Is Your Website ADA Compliant?

ada-compliance-decided-in-the-courts

Are you aware of the regulations regarding section 508 of the American Disabilities Act and the impact it has on your business website?

Poorly designed websites can create unnecessary barriers for people with disabilities, just as poorly designed buildings prevent some people with disabilities from entering. Access problems often occur because website designers mistakenly assume that everyone sees and accesses a webpage in the same way. This mistaken assumption can frustrate assistive technologies and their users. Accessible website design recognizes these differences and does not require people to see, hear, or use a standard mouse in order to access the information and services provided.

The start of a website lawsuit trend?

Winn-Dixie recently faced, and lost an ADA compliance lawsuit for its website, and it made for some pretty sensational headlines. Website accessibility is a hot topic right now, so every case that goes wrong for someone is bound to result in some pretty fanatical headlines. But should you actually be worried? In short — maybe.

So let’s try and make ADA compliance, who needs to be worried, and what you can do about it as simple to understand as possible. Full disclosure — I am not your lawyer, and nothing in here is legal advice.

What Does ADA Compliance Mean?

ADA is short for the Americans with Disabilities Act, which became law in 1990. It prohibits discrimination against individuals with disabilities in all areas of public life. The ADA, at least for Title III (private sector businesses), only applies to companies that employ 15 or more persons.

In January 2018, some new federal regulations will take effect. All federal institutions’ websites must meet AA compliance on all items in WCAG 2.0 by this time. We’ll get into what that means a little later.

Why Is ADA Compliance Suddenly a Bigger Deal?

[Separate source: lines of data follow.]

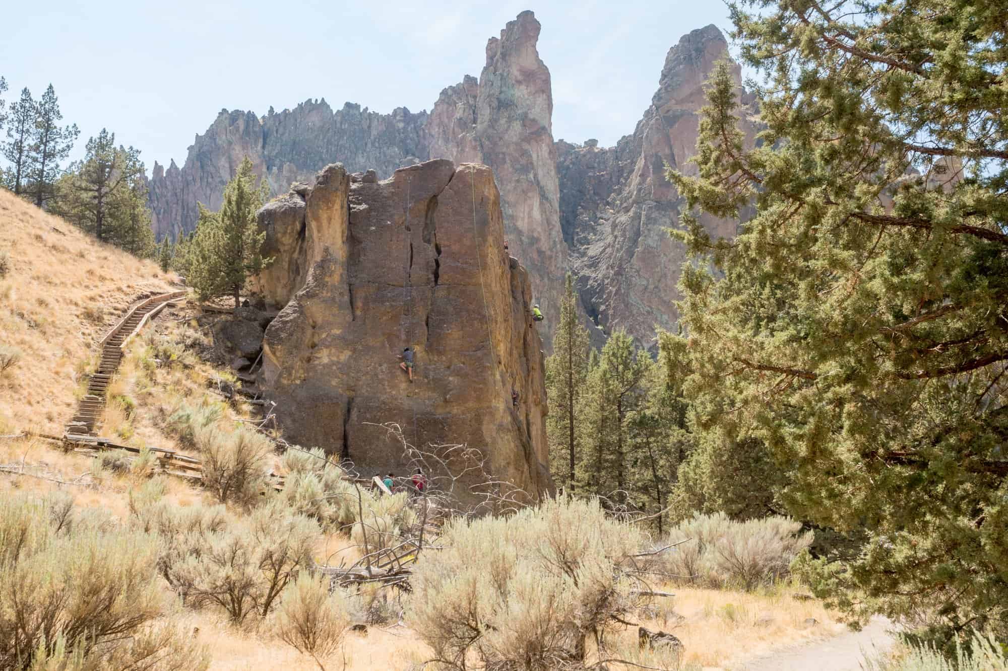 There are so many places to climb at Smith Rock; it can be really overwhelming! Below I’ve listed three places that our family enjoyed climbing at Smith Rock. These three areas have easier climbs, easy approaches and relatively safe landing areas.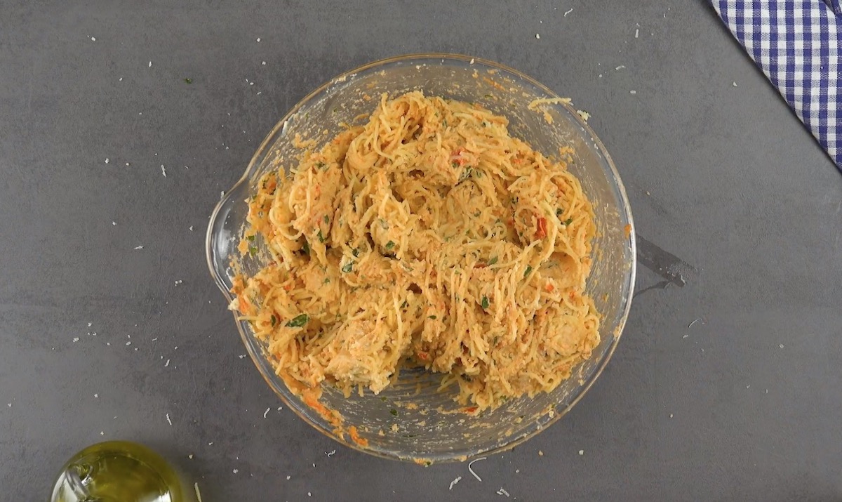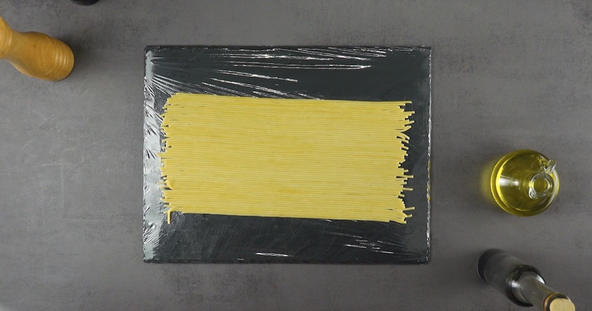 2.1) Koche die Spaghetti, schrecke sie leicht ab und lasse sie abkühlen. Lege Frischhaltefolie auf ein Brett und lege die einzelnen Nudeln Seit‘ an Seit‘ auf die Folie.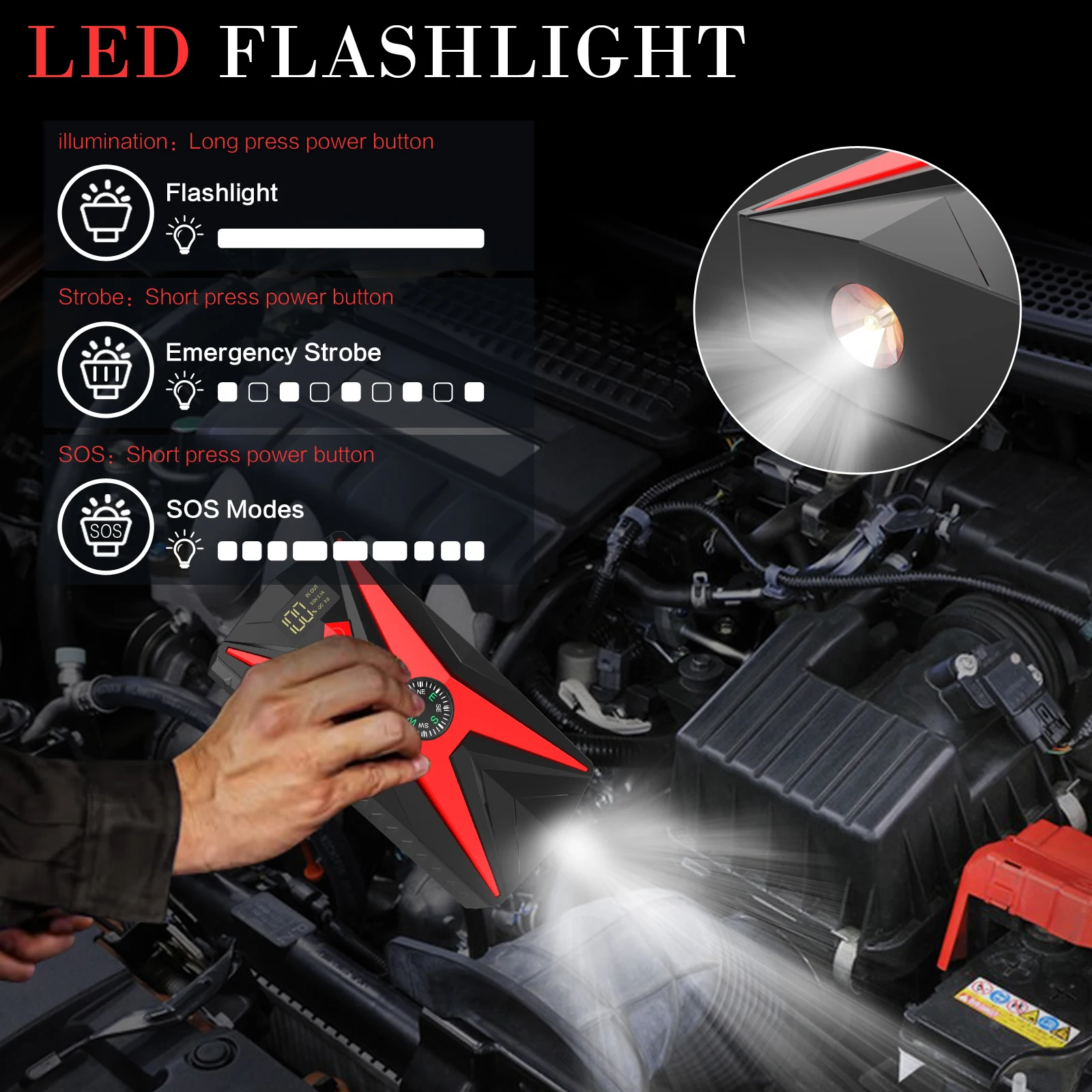 | Matec jump starter function | Compass, led light, charging power supply, car jump starter, etc |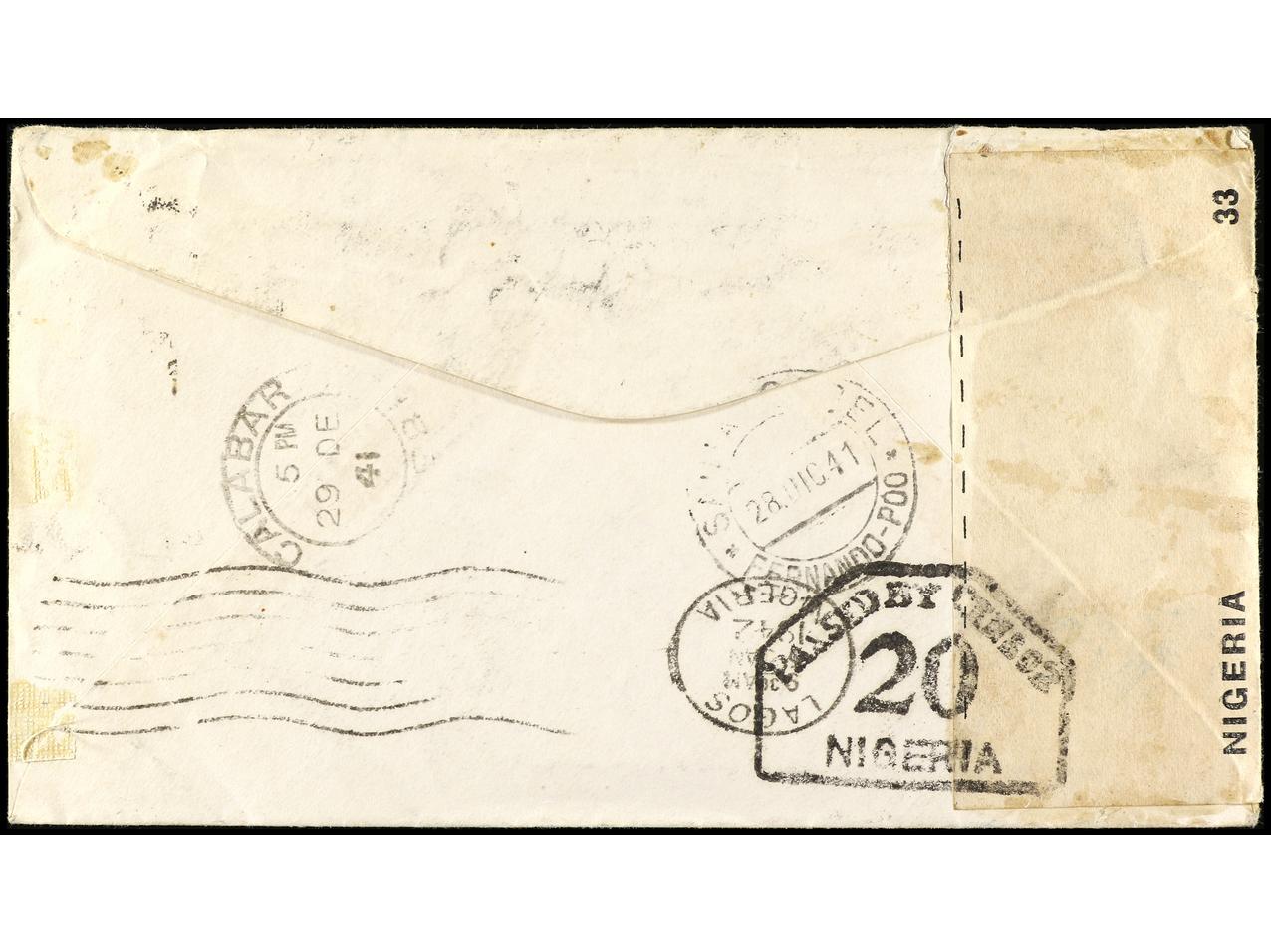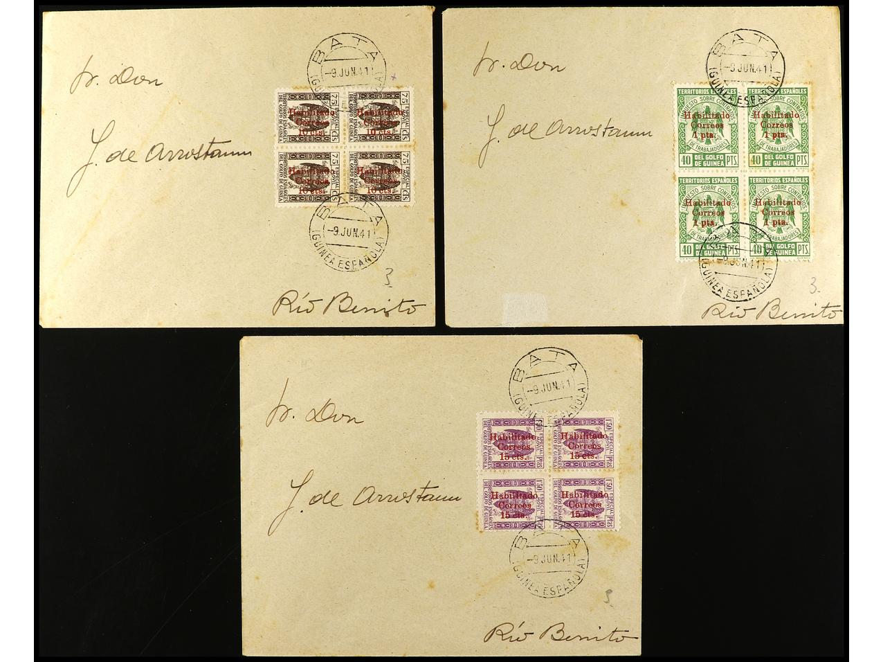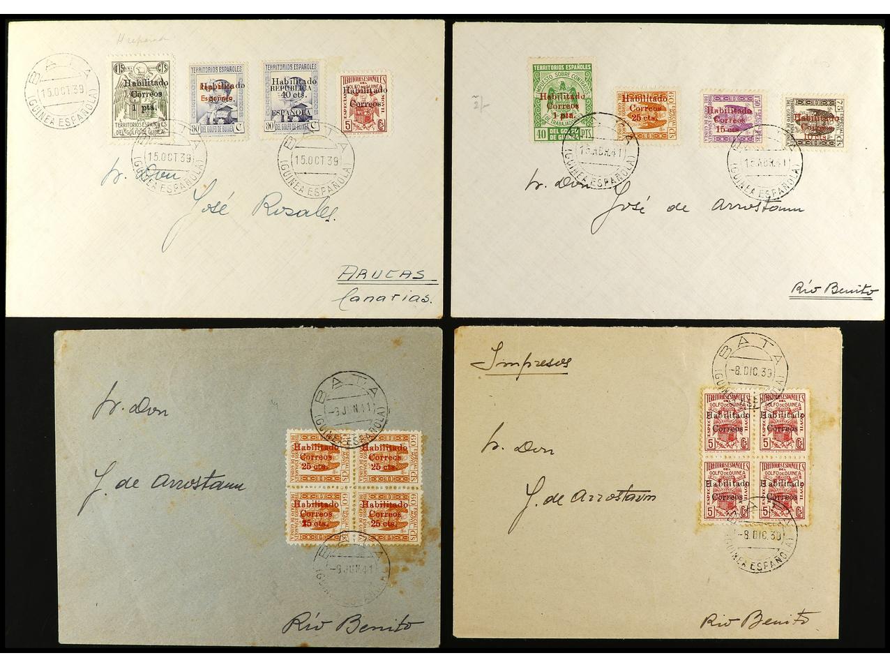 COLONIAS ESPAÑOLAS: GUINEA. 1939-41. Conjunto de 7 cartas, diversos franqueos con sellos PROVISIONALES. (Image1) (Image2)

Legal precedent is changing, and ADA compliance related lawsuits are becoming more successful, and the courts are seeing more of them as a result. Title III of the Americans with Disabilities Act pertains to private sector businesses. Lately, those protections are more frequently expanding into digital territory as web and mobile applications become more necessary in our day-to-day lives.

Who Needs To Be Compliant?

The general consensus right now is that any business considered a “public accommodation” should have an ADA compliant web presence.

“Public accommodation” could apply to most things depending on who is making the interpretation. Generally, however, this would refer to B2C, retail, or any business the general public should be able to use, understand and access easily.

The judgment against Winn-Dixie was determined after the courts felt that the website was too heavily integrated with the physical store presence. This could have been prompted by things like placing their weekly ad on the website.

What Do I Need To Do To Be Compliant?

Why that’s simple, just follow all 61 guidelines laid out in WCAG 2.0 to either AA or AAA level!

Sound scary? It’s not as bad as it seems. Your site probably already meets many of these rules and will not take a web developer very long to bring it up to par. However, there are some items that are much more difficult to fix, depending on the situation.

  • Text must meet a minimum contrast ratio against the background, which can significantly impact your design.
  • Your site must be fully navigable via keyboard only. This usually includes things like skip navigation buttons and can involve manually setting a tabindex everywhere.
  • Your site should be navigable with screen reader software. This can be difficult to test and can involve some arduous fixes similar to what is necessary for keyboard navigation.
  • Your site must handle text scaling up to 200% without causing horizontal scrolling or content-breaking layout issues. Once again, this may be more difficult to fix in some complex designs.

How Do I Check All Of This?

A variety of software can be used to test for ADA compliance.

  • WAVE is a good start, but can produce a lot of false positives, particularly for contrast ratio issues.
  • Lighthouse from Google Developers can help generate a report on potential issues.
  • Manual testing for contrast ratio using this calculator.
  • Manual testing with screen reader software
  • Manual testing with keyboard only navigation
  • Job Access With Speech (JAWS) is the most popular screen reader used by the blind. You can download a free trial for testing.
  • Web Accessibility is available as a WordPress plugin.

The automated tools will catch a lot of the simple issues, but manual testing is often still going to be required for nearly all websites if you want to ensure you are meeting requirements.

Hopefully, this sheds a little light on the situation and what it means for your business. Or, if you’re a web developer, how to be proactive to help your clients.